Problem:
Output every line below exactly, please, omitting pictures.

[Stored items from a collection]
##########
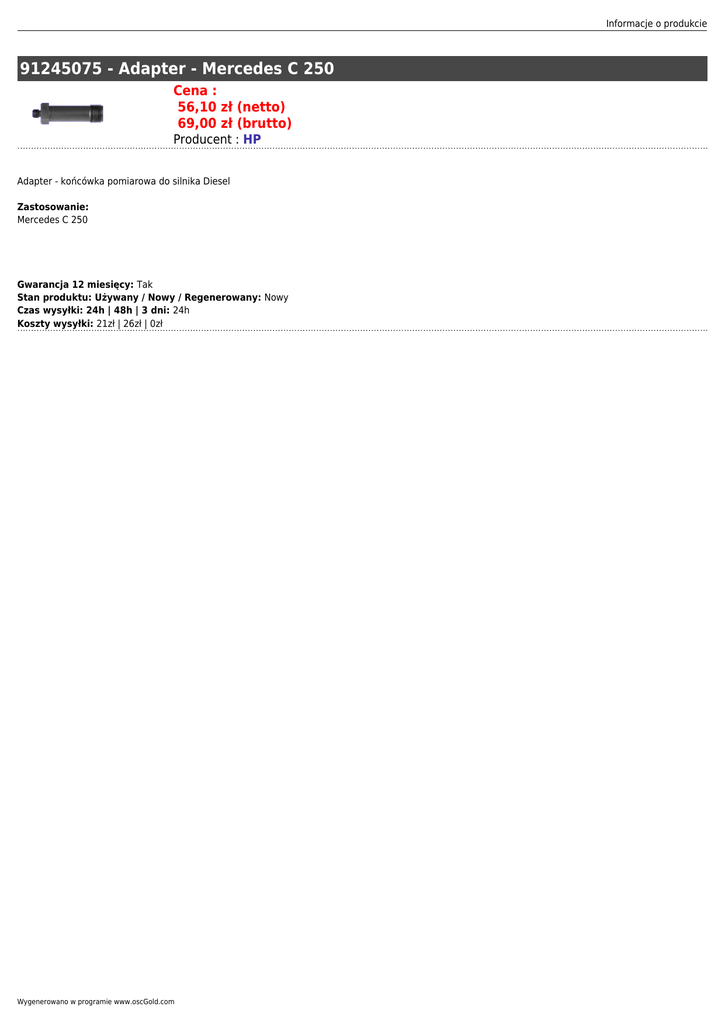 Informacje o produkcie 91245075 - Adapter - Mercedes C 250 Cena : 56,10 zł (netto) 69,00 zł (brutto) Producent : HP Adapter - końcówka pomiarowa do silnika Diesel Zastosowanie: Mercedes C 250 koncowka, końcowka, koncówka, Diesla Gwarancja 12 miesięcy: Tak Stan produktu: Używany / Nowy / Regenerowany: Nowy Czas wysyłki: 24h | 48h | 3 dni: 24h Koszty wysyłki: 21zł | 26zł | 0zł Wygenerowano w programie www.oscGold.com
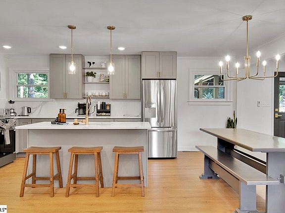 Open House Sunday January 18th from 1PM- 3PM. Welcome to this beautifully reimagined, single-level home, meticulously updated. This 4-bedroom, 2-bath residence sits on a spacious 0.80-acre lot, offering privacy, functionality, and modern comfort in a desirable location. Situated just minutes from Paris Mountain State Park — a beloved local destination with hiking, biking, picnicking, and scenic trails — this home offers both peaceful living and access to outdoor recreation. Inside, the home features a fresh, contemporary feel with new quartz countertops, 42" soft close cabinetry, and fully updated bathrooms showcasing new tile surrounds, vanities, and updated lighting throughout. The layout is both inviting and practical, ideal for everyday living and effortless entertaining. Step outside to enjoy the expansive backyard, complete with a firepit and a covered outdoor living space, perfect for grill-outs, gatherings, or relaxing evenings outdoors. A two-car garage provides added convenience and storage. With its recent renovations, generous lot size, and thoughtfully designed indoor and outdoor living spaces, this move-in-ready home is a standout opportunity. The furniture is negotiable as well. Come see it today!
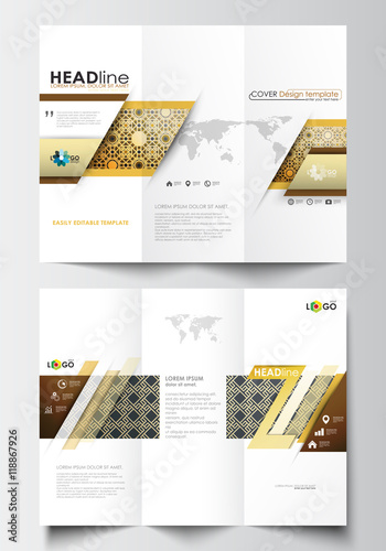 Tri-fold brochure business templates on both sides. Easy editable abstract layout in flat design. Islamic gold pattern, overlapping geometric shapes forming ornament. Vector golden texture.
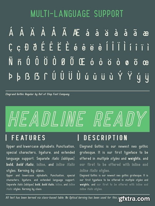- All glyphs in the are provided in bold, italic (oblique), bold-italic, inline, and inline italic variations. Elegrand Gothic has been expertly kerned for balanced text presentation. A wide range of options and styles ensure Elegrand Gothic fits in all your projects.
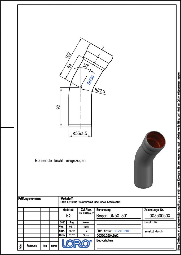 LORO X Bogen DN 50, 30°
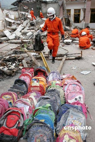 5月15日,在四川省什邡市紅白鎮(zhèn)中心小學(xué)廢墟旁,河南省消防總隊(duì)抗震救災(zāi)突擊隊(duì)的搜救人員將找到的孩子們的書包整齊排放,等待家長(zhǎng)認(rèn)領(lǐng),以告慰生者。五顏六色的小書包仿佛一個(gè)個(gè)鮮活的幼小生命立于記者的眼前。 中新社發(fā) 張曉理 攝
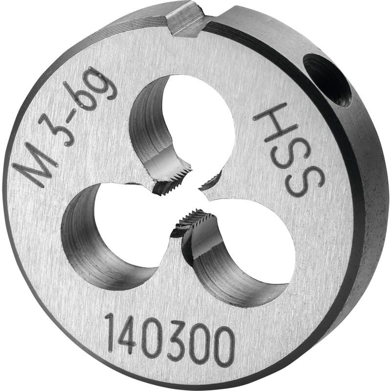 Forma chiusa preincisa. ≥ M3 con imbocco corretto su entrambi i lati per agevolare l'esecuzione del filetto ed evacuare correttamente i trucioli nella direzione di taglio. Imbocco a 1 spira e 3/4. Dati tecnici Alluminio (a truciolo corto) m/min limitatamente adatto a secco limitatamente adatto Olio idoneo Acciaio < 750 N/mm² m/min idoneo Acciaio < 500 N/mm² m/min idoneo Tipo di filettatura M Materiale da taglio HSS Norma EN 22568 Angolo di filetto Grad 60 Direzione di taglio destra Tipo di prodotto Filiere Misura del filetto M3 Classe di tolleranza DIN 13 6g Passo, mm 0,5 Altezza, mm 5 ⌀ Esterno, mm 20
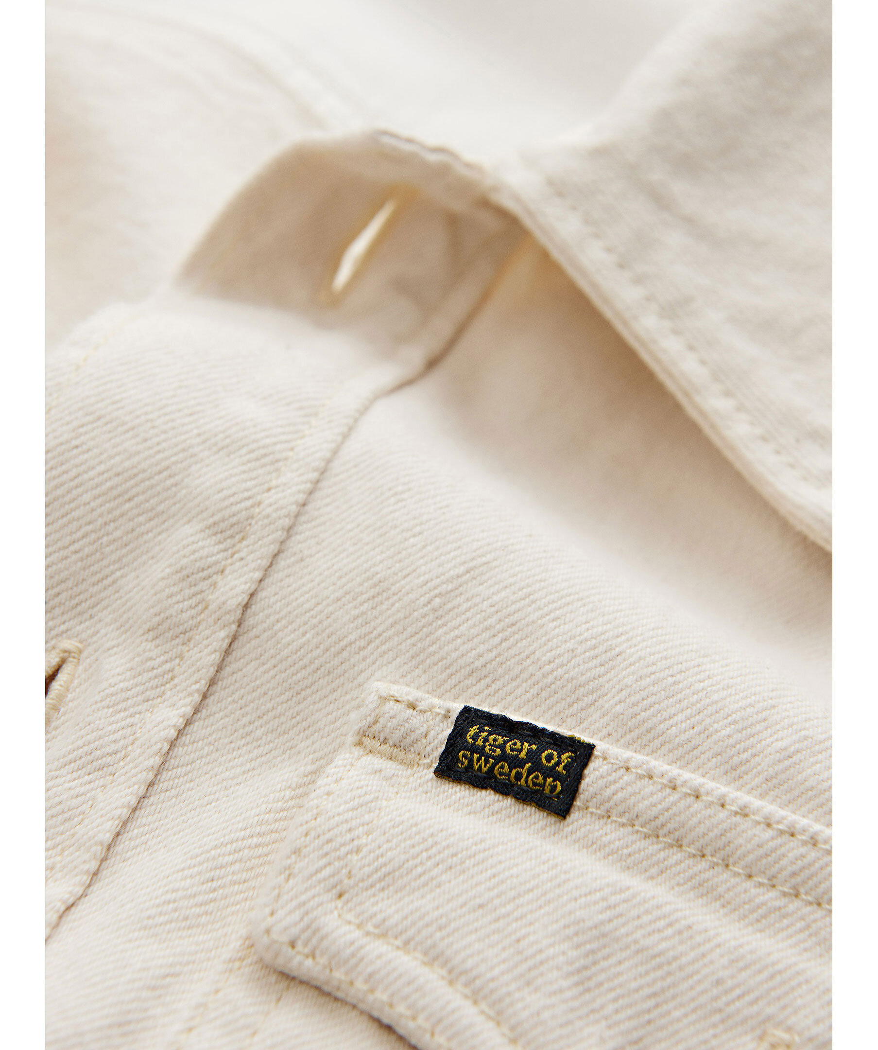 Krämvit jeansjacka från Tiger of Sweden. Normal passform och slutar i höftlängd. Tjock jeanstyg utan stretch. Stängs med knappar framtill, har två bröstfickor med knapp och två sidofickor.
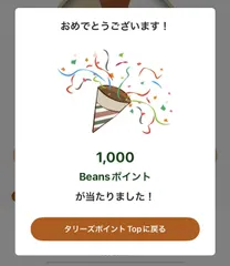 当たった🎯 あけましておめでとうございます🎍今年もゆるりとマイペースで参加します😊さっき1000Beansポイントが当たりました🎯お正月から嬉しいです😆 1番近くのタリーズの店舗がなくなり🥲行きにくくなってしまい、出かけた時には行くようにしています😇 Sは近場にありますが、あまり利用したくな
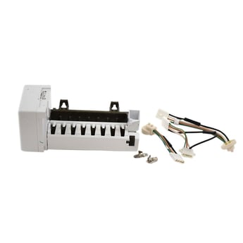 Ice maker 4317943 includes the ice mold and the control device. The ice maker receives water from the water inlet valve and then holds the water in the ice mold until the water freezes solid. It then automatically ejects the ice and refills to continue the process until the ice storage bin is full.
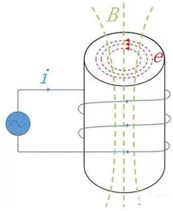 對(duì)一根流過(guò)電流為I的導(dǎo)線,在導(dǎo)線的垂直平面形成交變磁場(chǎng),交變磁場(chǎng)在導(dǎo)體內(nèi)部產(chǎn)生感應(yīng)電動(dòng)勢(shì),感應(yīng)電動(dòng)勢(shì)在導(dǎo)體內(nèi)部形成渦流電流,渦流在導(dǎo)體內(nèi)部與電流的變化趨勢(shì)相反,阻礙電流的變化,渦流的變化在導(dǎo)體表面與電流的變化趨勢(shì)相同。
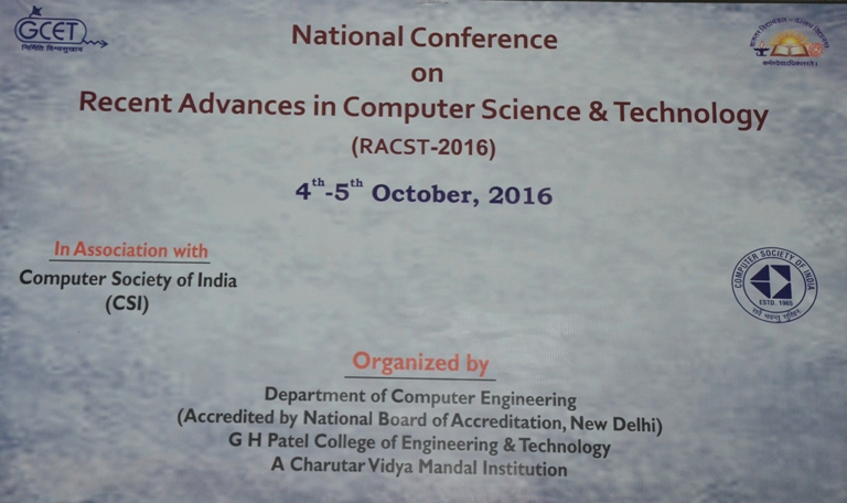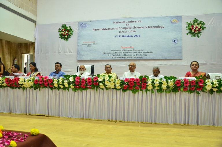 Department of Computer Engineering Department, G. H. Patel College of Engineering & Technology organized a National Conference Recent Advances in Computer Science & Technology (RACST-2016) in association with Computer Society of India on 4th-5th October, 2016. The aim of organizing the conference was to gather the academia with a common interest and exchange the most cutting-edge ideas in the field of Computer Science & Technology. The conference was inaugurated by Dr. C. L. Patel, Chairman, Charutar Vidya Mandal and Dr. Himanshu. S. Mazumdar, Professor, EC and Head, R & D center, DDU, Nadiad. Shri. S. G. Patel, Hon. Secretary, CVM, Shri V.M. Patel, Hon. Joint Secretary, CVM, Dr. N. D. Jotwani, Founder Principal, GCET and Visiting Professor, DAIICT, Gandhinagar. Dr. Himanshu Soni, Principal, GCET, Dr. Maulika S. Patel, Head, Computer Engineering Department, GCET, Convener of the conference and Organizing Secretaries of the Conference, Prof. Hetal Gaudani and Prof. Priyang Bhatt were also present. Off the dais dignitaries included Prof J. C. Panchal, Former Principal, GCET and Prof S. V Vaishnav, Founder Principal, ADIT.The Inaugural Address was given by, Dr. H. S. Mazumdar. He highlighted the importance of interdisciplinary research and relevance of such conference in the present era. He later gave a keynote talk on Computational Intelligence for interdisciplinary research and highlights of the dry chemistry lab at DDU. Dr. N. D. Jotwani discussed the application of computer in designing a solar PV Pump controller. Dr. C. L. Patel gave his Presidential Remarks and blessed the organizers and the participants. The third keynote lecture was on The Keynote Lecture on High Performance Computing by Dr. Vibha Patel, Associate Professor, Nirma University, Ahmedabad. On the second day there were two sessions on Image processing and Video manipulation by Dr Sumantra Dutta Roy, Associate Professor, IIT Delhi. The third session of the day was on Some Technologies after 100 years: Trends and Impact and Big Data by L. M. Patnaik, Adjunct Professor and INSA Senior Scientist at NIAS, IISc Bangalore. The last keynote talk was by Dr. Anish Mathuria, DAIICT, Gandhinagar on Evolution of stack-based control hijacking attacks. Technical paper sessions were conducted on both days after thekeynote talks. Total 20 papers were presented on various technical topics. The technical sessions were chaired by Dr. Darshak Thakore, Professor and Head, Dept. of Comp., BVM, V. V. Nagar,Dr. Priti Sajja, Professor, Post Graduate Dept. of Comp. Sci., SPU, V. V. Nagar and Dr. Narendra Chauhan, Professor & Head, Dept. of IT, ADIT, V. V. Nagar.The conference concluded with the valedictory and certificate distribution by Dr. Himanshu Soni and Dr. Anish Mathuria. On 6th October, 2016, Dr. L. M. Patnaik had interaction with faculty members and discussed various areas on which research can be done. Also,the student's interaction session with Dr. L. M. Patnaik was arranged. He advised the students to take internships at IITs and also prepare for public sector jobs. He also discussed the importance of the GATE exams. Dr Patnaik concluded by mentioning that both faculty and students need greater exposure to the outside world and organizing and attending such events are extremely useful.
##########
Result of the task:
 Informacje o produkcie 91245075 - Adapter - Mercedes C 250 Cena : 56,10 zł (netto) 69,00 zł (brutto) Producent : HP Adapter - końcówka pomiarowa do silnika Diesel Zastosowanie: Mercedes C 250 koncowka, końcowka, koncówka, Diesla Gwarancja 12 miesięcy: Tak Stan produktu: Używany / Nowy / Regenerowany: Nowy Czas wysyłki: 24h | 48h | 3 dni: 24h Koszty wysyłki: 21zł | 26zł | 0zł Wygenerowano w programie www.oscGold.com
 Open House Sunday January 18th from 1PM- 3PM. Welcome to this beautifully reimagined, single-level home, meticulously updated. This 4-bedroom, 2-bath residence sits on a spacious 0.80-acre lot, offering privacy, functionality, and modern comfort in a desirable location. Situated just minutes from Paris Mountain State Park — a beloved local destination with hiking, biking, picnicking, and scenic trails — this home offers both peaceful living and access to outdoor recreation. Inside, the home features a fresh, contemporary feel with new quartz countertops, 42" soft close cabinetry, and fully updated bathrooms showcasing new tile surrounds, vanities, and updated lighting throughout. The layout is both inviting and practical, ideal for everyday living and effortless entertaining. Step outside to enjoy the expansive backyard, complete with a firepit and a covered outdoor living space, perfect for grill-outs, gatherings, or relaxing evenings outdoors. A two-car garage provides added convenience and storage. With its recent renovations, generous lot size, and thoughtfully designed indoor and outdoor living spaces, this move-in-ready home is a standout opportunity. The furniture is negotiable as well. Come see it today!
 Tri-fold brochure business templates on both sides. Easy editable abstract layout in flat design. Islamic gold pattern, overlapping geometric shapes forming ornament. Vector golden texture.
- All glyphs in the are provided in bold, italic (oblique), bold-italic, inline, and inline italic variations. Elegrand Gothic has been expertly kerned for balanced text presentation. A wide range of options and styles ensure Elegrand Gothic fits in all your projects.
 LORO X Bogen DN 50, 30°
 5月15日,在四川省什邡市紅白鎮(zhèn)中心小學(xué)廢墟旁,河南省消防總隊(duì)抗震救災(zāi)突擊隊(duì)的搜救人員將找到的孩子們的書包整齊排放,等待家長(zhǎng)認(rèn)領(lǐng),以告慰生者。五顏六色的小書包仿佛一個(gè)個(gè)鮮活的幼小生命立于記者的眼前。 中新社發(fā) 張曉理 攝
 Forma chiusa preincisa. ≥ M3 con imbocco corretto su entrambi i lati per agevolare l'esecuzione del filetto ed evacuare correttamente i trucioli nella direzione di taglio. Imbocco a 1 spira e 3/4. Dati tecnici Alluminio (a truciolo corto) m/min limitatamente adatto a secco limitatamente adatto Olio idoneo Acciaio < 750 N/mm² m/min idoneo Acciaio < 500 N/mm² m/min idoneo Tipo di filettatura M Materiale da taglio HSS Norma EN 22568 Angolo di filetto Grad 60 Direzione di taglio destra Tipo di prodotto Filiere Misura del filetto M3 Classe di tolleranza DIN 13 6g Passo, mm 0,5 Altezza, mm 5 ⌀ Esterno, mm 20
 Krämvit jeansjacka från Tiger of Sweden. Normal passform och slutar i höftlängd. Tjock jeanstyg utan stretch. Stängs med knappar framtill, har två bröstfickor med knapp och två sidofickor.
 当たった🎯 あけましておめでとうございます🎍今年もゆるりとマイペースで参加します😊さっき1000Beansポイントが当たりました🎯お正月から嬉しいです😆 1番近くのタリーズの店舗がなくなり🥲行きにくくなってしまい、出かけた時には行くようにしています😇 Sは近場にありますが、あまり利用したくな
 Ice maker 4317943 includes the ice mold and the control device. The ice maker receives water from the water inlet valve and then holds the water in the ice mold until the water freezes solid. It then automatically ejects the ice and refills to continue the process until the ice storage bin is full.
 對(duì)一根流過(guò)電流為I的導(dǎo)線,在導(dǎo)線的垂直平面形成交變磁場(chǎng),交變磁場(chǎng)在導(dǎo)體內(nèi)部產(chǎn)生感應(yīng)電動(dòng)勢(shì),感應(yīng)電動(dòng)勢(shì)在導(dǎo)體內(nèi)部形成渦流電流,渦流在導(dǎo)體內(nèi)部與電流的變化趨勢(shì)相反,阻礙電流的變化,渦流的變化在導(dǎo)體表面與電流的變化趨勢(shì)相同。
 Department of Computer Engineering Department, G. H. Patel College of Engineering & Technology organized a National Conference Recent Advances in Computer Science & Technology (RACST-2016) in association with Computer Society of India on 4th-5th October, 2016. The aim of organizing the conference was to gather the academia with a common interest and exchange the most cutting-edge ideas in the field of Computer Science & Technology. The conference was inaugurated by Dr. C. L. Patel, Chairman, Charutar Vidya Mandal and Dr. Himanshu. S. Mazumdar, Professor, EC and Head, R & D center, DDU, Nadiad. Shri. S. G. Patel, Hon. Secretary, CVM, Shri V.M. Patel, Hon. Joint Secretary, CVM, Dr. N. D. Jotwani, Founder Principal, GCET and Visiting Professor, DAIICT, Gandhinagar. Dr. Himanshu Soni, Principal, GCET, Dr. Maulika S. Patel, Head, Computer Engineering Department, GCET, Convener of the conference and Organizing Secretaries of the Conference, Prof. Hetal Gaudani and Prof. Priyang Bhatt were also present. Off the dais dignitaries included Prof J. C. Panchal, Former Principal, GCET and Prof S. V Vaishnav, Founder Principal, ADIT.The Inaugural Address was given by, Dr. H. S. Mazumdar. He highlighted the importance of interdisciplinary research and relevance of such conference in the present era. He later gave a keynote talk on Computational Intelligence for interdisciplinary research and highlights of the dry chemistry lab at DDU. Dr. N. D. Jotwani discussed the application of computer in designing a solar PV Pump controller. Dr. C. L. Patel gave his Presidential Remarks and blessed the organizers and the participants. The third keynote lecture was on The Keynote Lecture on High Performance Computing by Dr. Vibha Patel, Associate Professor, Nirma University, Ahmedabad. On the second day there were two sessions on Image processing and Video manipulation by Dr Sumantra Dutta Roy, Associate Professor, IIT Delhi. The third session of the day was on Some Technologies after 100 years: Trends and Impact and Big Data by L. M. Patnaik, Adjunct Professor and INSA Senior Scientist at NIAS, IISc Bangalore. The last keynote talk was by Dr. Anish Mathuria, DAIICT, Gandhinagar on Evolution of stack-based control hijacking attacks. Technical paper sessions were conducted on both days after thekeynote talks. Total 20 papers were presented on various technical topics. The technical sessions were chaired by Dr. Darshak Thakore, Professor and Head, Dept. of Comp., BVM, V. V. Nagar,Dr. Priti Sajja, Professor, Post Graduate Dept. of Comp. Sci., SPU, V. V. Nagar and Dr. Narendra Chauhan, Professor & Head, Dept. of IT, ADIT, V. V. Nagar.The conference concluded with the valedictory and certificate distribution by Dr. Himanshu Soni and Dr. Anish Mathuria. On 6th October, 2016, Dr. L. M. Patnaik had interaction with faculty members and discussed various areas on which research can be done. Also,the student's interaction session with Dr. L. M. Patnaik was arranged. He advised the students to take internships at IITs and also prepare for public sector jobs. He also discussed the importance of the GATE exams. Dr Patnaik concluded by mentioning that both faculty and students need greater exposure to the outside world and organizing and attending such events are extremely useful.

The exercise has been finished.